Elements of Innovation

WHEN the first flint tools were discovered to create fire the concept of innovation was probably as understood as well as it is today. Fire enabled survival, improved quality of life and was the foundation of emerging Stone Age industries. From this time more than 200,000 years ago humans explored and embedded new processes and concepts. They innovated.
The march of innovation has since shifted from a stroll to brisk walk to a jog. We are now in a phase where the race to innovate isn't a sprint to a finish line instead it's about the commitment to lasting the distance.

While it may seem the latest catchphrase of the day, innovation is in fact a critical component to our survival across our personal lives, within our professions and in the development of our businesses.

On Thursday September 22 The Hastings Business Women's Network will launch its Professional Development foray into innovation. As business women across the Mid North Coast what does innovation really mean for you not only in keeping your business afloat, but in retaining your own professional employment edge and in making the most of life overall?
Join us for a special lunch at Rydges to hear some of our region's leading innovation experts speak about what innovation means in our day to day lives.

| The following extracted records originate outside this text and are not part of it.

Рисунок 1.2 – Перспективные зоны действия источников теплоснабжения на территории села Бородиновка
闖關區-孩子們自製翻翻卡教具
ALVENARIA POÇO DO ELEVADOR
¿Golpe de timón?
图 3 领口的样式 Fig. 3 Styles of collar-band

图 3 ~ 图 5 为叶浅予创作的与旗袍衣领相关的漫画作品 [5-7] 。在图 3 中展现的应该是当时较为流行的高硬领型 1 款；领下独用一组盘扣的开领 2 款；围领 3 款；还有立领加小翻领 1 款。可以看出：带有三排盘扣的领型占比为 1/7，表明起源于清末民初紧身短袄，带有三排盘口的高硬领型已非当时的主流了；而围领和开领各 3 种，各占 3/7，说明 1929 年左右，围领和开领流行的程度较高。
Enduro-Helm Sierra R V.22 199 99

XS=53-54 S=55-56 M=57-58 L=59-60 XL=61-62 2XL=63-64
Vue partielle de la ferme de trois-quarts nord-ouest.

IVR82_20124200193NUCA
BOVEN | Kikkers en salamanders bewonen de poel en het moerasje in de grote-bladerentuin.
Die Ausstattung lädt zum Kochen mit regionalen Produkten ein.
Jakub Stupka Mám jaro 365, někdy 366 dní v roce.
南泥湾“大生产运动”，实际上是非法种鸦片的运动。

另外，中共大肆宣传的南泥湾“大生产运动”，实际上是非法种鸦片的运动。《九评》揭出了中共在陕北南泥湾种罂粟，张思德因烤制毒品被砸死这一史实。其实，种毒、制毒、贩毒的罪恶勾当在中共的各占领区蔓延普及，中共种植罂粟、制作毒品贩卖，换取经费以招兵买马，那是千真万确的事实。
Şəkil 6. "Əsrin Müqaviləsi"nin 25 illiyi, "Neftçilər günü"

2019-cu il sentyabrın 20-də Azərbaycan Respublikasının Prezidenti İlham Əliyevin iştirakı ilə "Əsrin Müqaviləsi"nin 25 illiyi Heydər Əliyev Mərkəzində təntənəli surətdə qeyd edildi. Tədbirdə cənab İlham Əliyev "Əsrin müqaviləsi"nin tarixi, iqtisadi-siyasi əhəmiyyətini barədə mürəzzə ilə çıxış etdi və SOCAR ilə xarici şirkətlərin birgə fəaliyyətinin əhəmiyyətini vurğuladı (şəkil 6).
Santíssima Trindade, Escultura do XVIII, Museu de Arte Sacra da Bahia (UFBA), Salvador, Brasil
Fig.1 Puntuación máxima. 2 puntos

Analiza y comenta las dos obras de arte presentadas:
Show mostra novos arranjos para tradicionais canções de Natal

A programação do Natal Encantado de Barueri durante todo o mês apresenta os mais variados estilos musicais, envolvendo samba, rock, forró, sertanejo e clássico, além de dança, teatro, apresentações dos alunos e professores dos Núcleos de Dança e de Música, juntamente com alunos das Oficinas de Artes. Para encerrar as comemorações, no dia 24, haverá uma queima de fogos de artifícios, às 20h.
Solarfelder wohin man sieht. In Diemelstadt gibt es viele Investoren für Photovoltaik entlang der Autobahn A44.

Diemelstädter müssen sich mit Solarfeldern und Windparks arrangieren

The event will feature a 40 minutes panel discussion focused on the elements of innovation and why innovation is more than just the catchcry of the moment it is about building sustainable competitive advantage as a business community, a region and as individual professionals.

Panel members include:

Emeritus Professor Ross Chambersformer CSU Head of Campus Port Macquarie

During his employment with CSU over more than 30 years, Professor Chambers held a range of positions including lecturer, Head of School, Dean and Deputy Vice-Chancellor (Academic).  Prior to these appointments he taught Russian history and the history of political and social thought.  In his leadership roles at CSU Professor Chambers oversaw CSU's strategies for regional engagement and campus development, its flexible learning programs and Indigenous Education Strategy.  Professor Chambers led the planning for the development of CSU's campus at Port Macquarie and, following his retirement, was asked by CSU to take up a part-time role overseeing the development of the campus.  Professor Chambers is based in Port Macquarie and has a long family connection with the Mid-North Coast region.

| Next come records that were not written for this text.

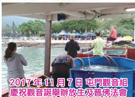
2017年11月7日 屯門觀音組 慶祝觀音誕舉辦放生及普佛法會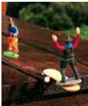
Petits joueurs saut périlleux France - 2012 - 1'30 de bruno collet

Le dimanche 27 janvier à 16h, Maison des Arts Musicaux entrée 3 € pour les enfants, gratuit pour les accompagnateurs.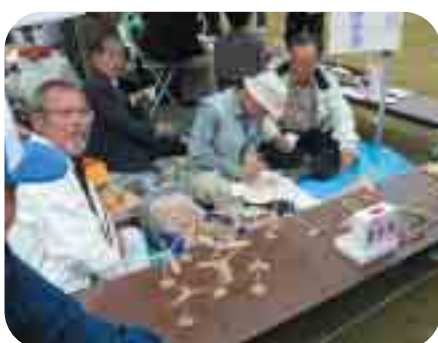
▲ゴールドクラブの竹とんぼ作り

また、共同募金の募金箱設置にご協力いただきました出店者の皆さまありがとうございました。12店、合計15,459円の募金をいただきました。協力各店のご紹介は、他の募金活動と併せて次号で詳しくご報告させていただきます。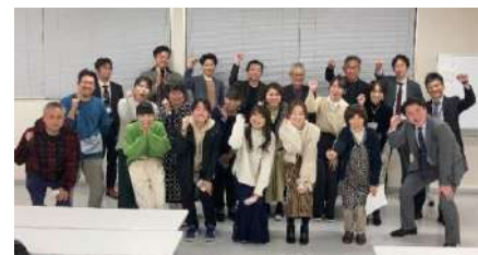
ながおか創業者クラブ

■「若手起業家を巻き込み長岡の起業活性化と継続的な経営のためのネットワークづくりをしよう」をテーマに開催。💡 登録メンバー29名(20名)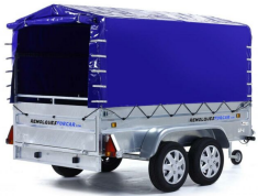
Lona alta con arquillada de 80cm Robust R8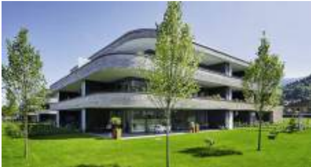
Wohnanlage Zieglergasse | Dornbirn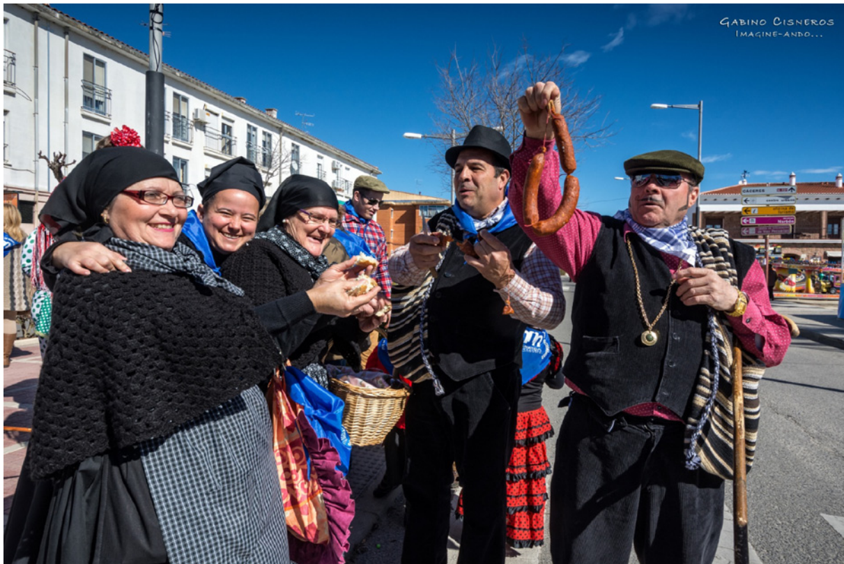
Malpartida de Cáceres. Pedida de la patatera.

Aunque en otras localidades, como Torremocha, eran los solterones quienes salían entonando cánticos locales; o rondas de menos duración que las habituales por el cansancio acumulado durante el día, caso del Puerto de Santa Cruz. Sin embargo, eran más corrientes las bromas a los vecinos. Por ejemplo, en Valdecaballeros (BA), los mozos salían con platos de gachas e iban untando el pomo de los postigos para que, cuando alguien lo asiera, creyera que estaba untado con otra cosa peor. En otras localidades, los mozos que iban de ronda llevaban la pringue arrebañada de las artesas donde se habían hecho las morcillas y chorizos para untar a sus novias y a todo aquel que se les ponía por delante. Y, en cuanto al vecindario, solían esperar a que las mujeres salieran de casa para untarlas. En cambio, en otros pueblos como Monroy, lo más habitual era robar el gallo de quien mataba o de alguno de los asistentes para luego comerlo en la taberna. En la comarca de Las Hurdes —según Félix Barroso— se hacían los pajarínuh , que eran como pellas pequeñas que los mozos arrancaban de la masa del mondongo para procurar untar la cara a las mozas asistentes a las matanzas. Estas escapaban corriendo, pero cuando los jóvenes las alcanzaban les dejaban la cara empimentonada y llena de pequeñas briznas de carne.

Julie O'SheaManager of Transformation People and Change with Essential Energy
Julie has more than 15 years' transformational leadership experience including across organisational Change Management, organisational design and communications expertise. Prior to joining Essential Energy (and relocating with her family to Port Macquarie) in August this year she has held roles with national organisations including Toll Group, NAB, Hewlett-Packard, Australia Post, Telstra, Shell and BHP Billiton.

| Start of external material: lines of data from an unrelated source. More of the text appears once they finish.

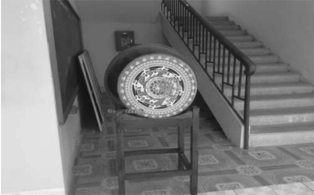
โรงเรียนที่เวียดนามจะใช้สัญญาณกลองแทนกริ่ง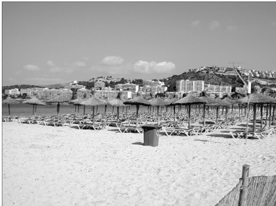
Figura 2. Playa de Santa Ponça (Calviá, Mallorca) galardonada a lo largo de los últimos años con la Bandera Azul.

obras de mejora, o bien que se efectuase una regeneración artificial.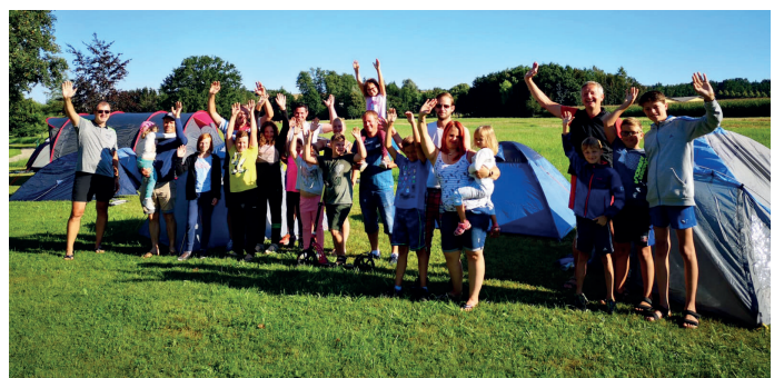
ÖVP Aschbach: Zelten mit Mama/Papa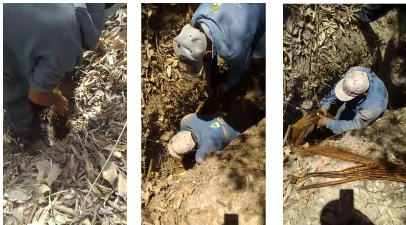
Imagen 2.4. Mantenimiento de la línea de conducción El Guayabo.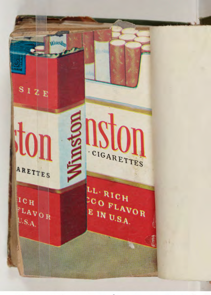
قطعة شظية مرئية من كتاب مجلدٌ visible fragment from bookbinding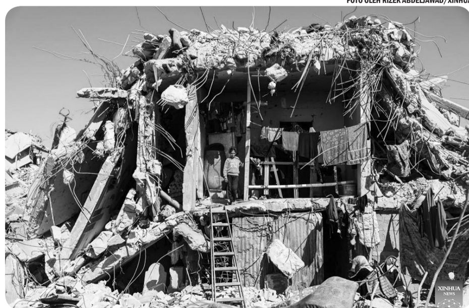
92 PERSEN BANGUNAN DI GAZA HANCUR

Usulan itu ditolak dengan hasil pemungutan suara 54 berbanding 45, kurang dari ambang 60 suara yang dibutuhkan untuk melanjutkan pembahasan. ● tom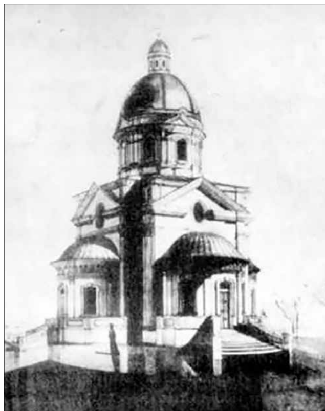
Рис. 8. Троїхсвятительська церква в Лемешах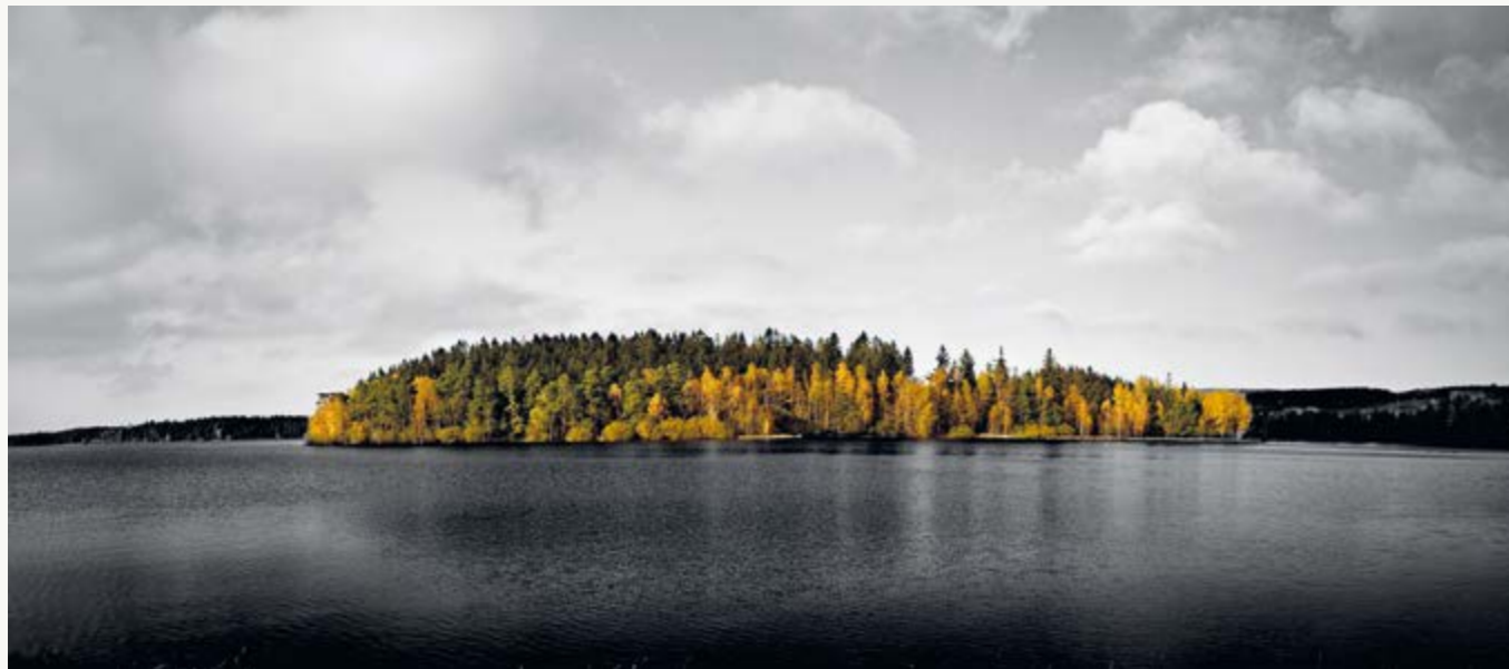
1. místo odborná porota - Ostrov barev

Malcolm Neale Principal of Fuel for Business
Malcolm specialises in supporting individuals and businesses who are seeking to grow and evolve. An executive and business coach who also holds qualifications across Neuro Linguistic Programming, Malcolm is also chairman of Bravehearts Mid North Coast.

Tanya SimmonsBennett's Steel
From hairdresser to restaurateur to the co-owner of Bennett's Steel, Tanya is well versed in evolving both her career and her business. Bennett's Steel has consistently won recognition across the region for its approach to innovation and growth.

Panel discussions will focus on:

-       Key elements of innovation (internal and external);
-       Why innovation is more than products and services (processes, business improvements etc);
-       The value of agility and continued evolution;
-       The importance of continuing skills development.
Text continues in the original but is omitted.